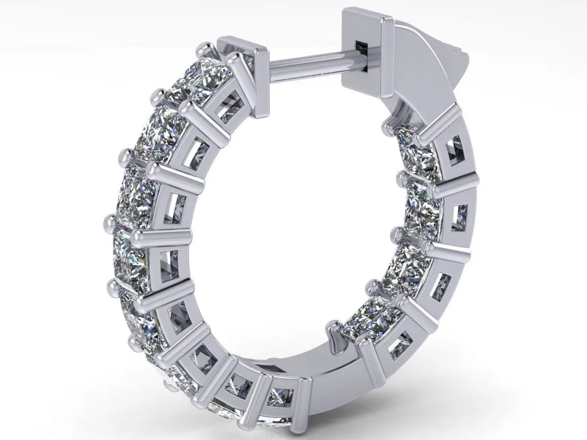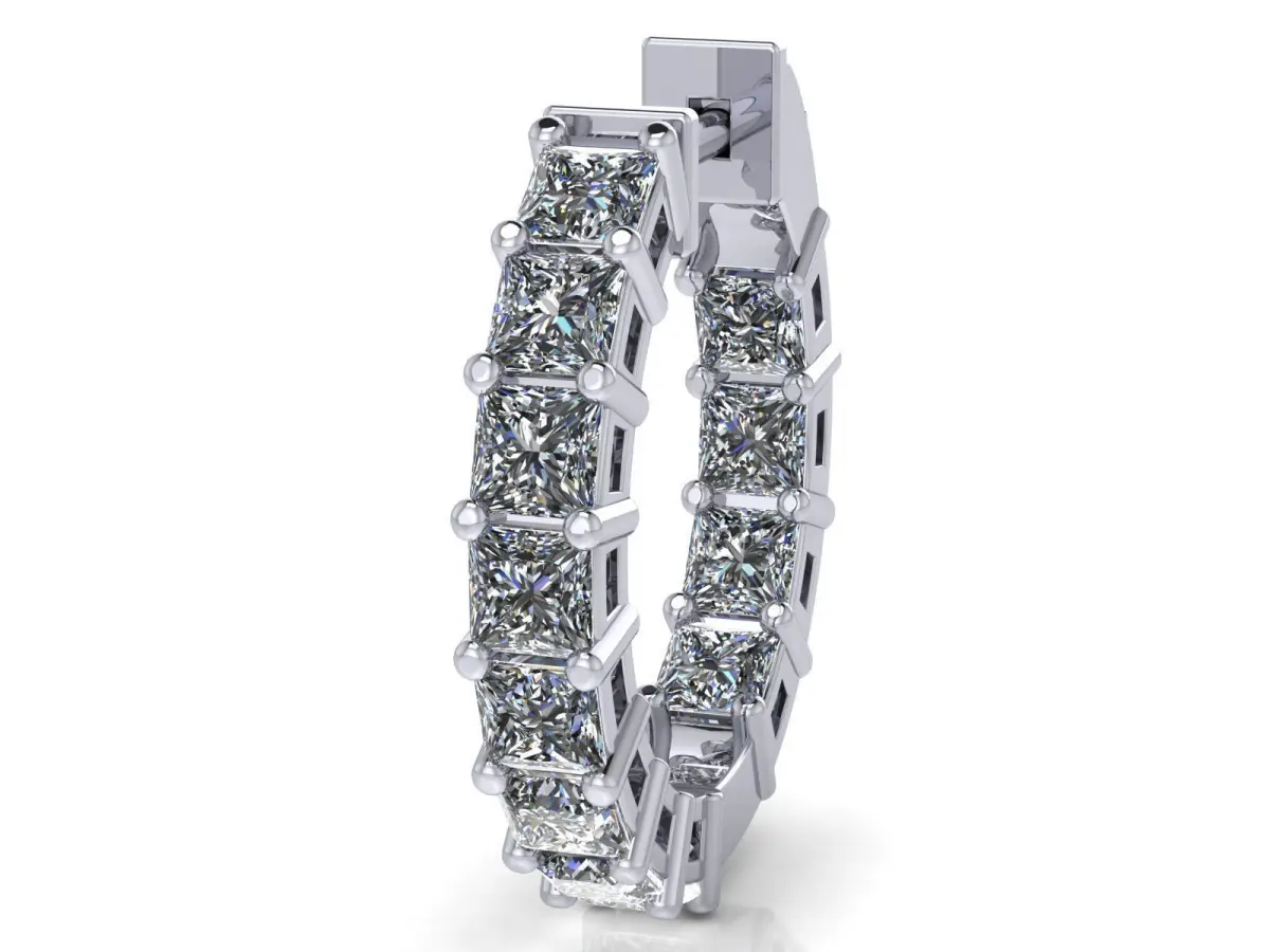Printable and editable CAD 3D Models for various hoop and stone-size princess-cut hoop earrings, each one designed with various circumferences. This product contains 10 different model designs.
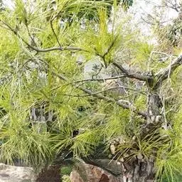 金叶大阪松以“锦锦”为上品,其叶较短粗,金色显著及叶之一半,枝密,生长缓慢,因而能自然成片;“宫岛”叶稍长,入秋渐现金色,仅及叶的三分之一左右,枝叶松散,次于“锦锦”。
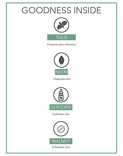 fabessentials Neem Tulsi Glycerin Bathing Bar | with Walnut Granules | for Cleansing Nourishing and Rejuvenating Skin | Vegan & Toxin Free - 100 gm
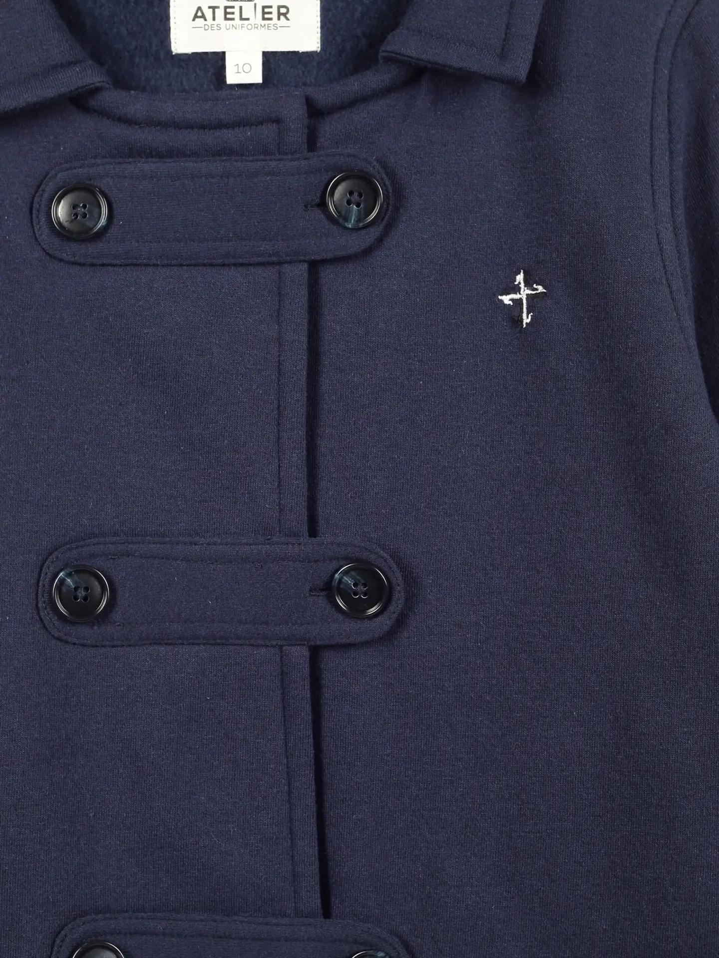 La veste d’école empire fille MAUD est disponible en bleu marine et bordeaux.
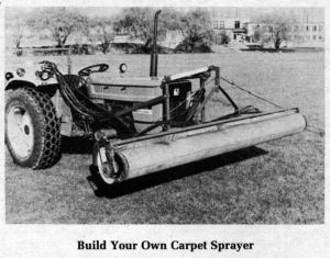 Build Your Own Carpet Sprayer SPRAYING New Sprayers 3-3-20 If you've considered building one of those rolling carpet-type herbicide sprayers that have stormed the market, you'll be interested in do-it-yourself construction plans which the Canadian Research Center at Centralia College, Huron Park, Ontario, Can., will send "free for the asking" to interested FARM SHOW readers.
-=-=-
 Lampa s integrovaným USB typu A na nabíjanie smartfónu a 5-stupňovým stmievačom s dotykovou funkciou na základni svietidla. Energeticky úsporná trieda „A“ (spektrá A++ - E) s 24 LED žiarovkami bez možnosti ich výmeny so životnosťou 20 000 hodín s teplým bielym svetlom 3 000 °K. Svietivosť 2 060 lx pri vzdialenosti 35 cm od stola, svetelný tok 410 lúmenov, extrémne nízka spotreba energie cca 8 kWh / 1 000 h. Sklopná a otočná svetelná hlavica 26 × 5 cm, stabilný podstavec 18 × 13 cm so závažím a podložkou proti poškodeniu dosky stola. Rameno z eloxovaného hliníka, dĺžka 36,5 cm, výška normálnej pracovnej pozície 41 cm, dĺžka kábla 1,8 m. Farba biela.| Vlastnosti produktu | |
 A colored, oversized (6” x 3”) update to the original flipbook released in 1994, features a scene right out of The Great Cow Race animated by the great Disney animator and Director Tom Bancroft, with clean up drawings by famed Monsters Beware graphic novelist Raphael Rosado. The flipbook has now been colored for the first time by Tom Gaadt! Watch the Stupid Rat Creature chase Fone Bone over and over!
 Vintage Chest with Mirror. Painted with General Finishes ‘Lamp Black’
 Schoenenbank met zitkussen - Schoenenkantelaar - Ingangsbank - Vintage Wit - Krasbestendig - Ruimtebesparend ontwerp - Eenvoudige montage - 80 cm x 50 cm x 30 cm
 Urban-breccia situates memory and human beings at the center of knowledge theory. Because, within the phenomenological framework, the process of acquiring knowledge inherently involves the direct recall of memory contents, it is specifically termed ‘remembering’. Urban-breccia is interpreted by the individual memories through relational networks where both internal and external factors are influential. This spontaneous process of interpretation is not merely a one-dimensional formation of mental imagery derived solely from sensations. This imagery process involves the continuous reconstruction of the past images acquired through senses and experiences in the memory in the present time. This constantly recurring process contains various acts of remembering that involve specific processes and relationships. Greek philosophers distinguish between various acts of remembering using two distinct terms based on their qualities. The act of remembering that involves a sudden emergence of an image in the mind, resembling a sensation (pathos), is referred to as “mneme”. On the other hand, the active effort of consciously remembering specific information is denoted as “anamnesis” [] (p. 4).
-=-=-
-- Assigned task --
Would you copy each line of the records that contains "time"?

-- Response box --
 A colored, oversized (6” x 3”) update to the original flipbook released in 1994, features a scene right out of The Great Cow Race animated by the great Disney animator and Director Tom Bancroft, with clean up drawings by famed Monsters Beware graphic novelist Raphael Rosado. The flipbook has now been colored for the first time by Tom Gaadt! Watch the Stupid Rat Creature chase Fone Bone over and over!
 Urban-breccia situates memory and human beings at the center of knowledge theory. Because, within the phenomenological framework, the process of acquiring knowledge inherently involves the direct recall of memory contents, it is specifically termed ‘remembering’. Urban-breccia is interpreted by the individual memories through relational networks where both internal and external factors are influential. This spontaneous process of interpretation is not merely a one-dimensional formation of mental imagery derived solely from sensations. This imagery process involves the continuous reconstruction of the past images acquired through senses and experiences in the memory in the present time. This constantly recurring process contains various acts of remembering that involve specific processes and relationships. Greek philosophers distinguish between various acts of remembering using two distinct terms based on their qualities. The act of remembering that involves a sudden emergence of an image in the mind, resembling a sensation (pathos), is referred to as “mneme”. On the other hand, the active effort of consciously remembering specific information is denoted as “anamnesis” [] (p. 4).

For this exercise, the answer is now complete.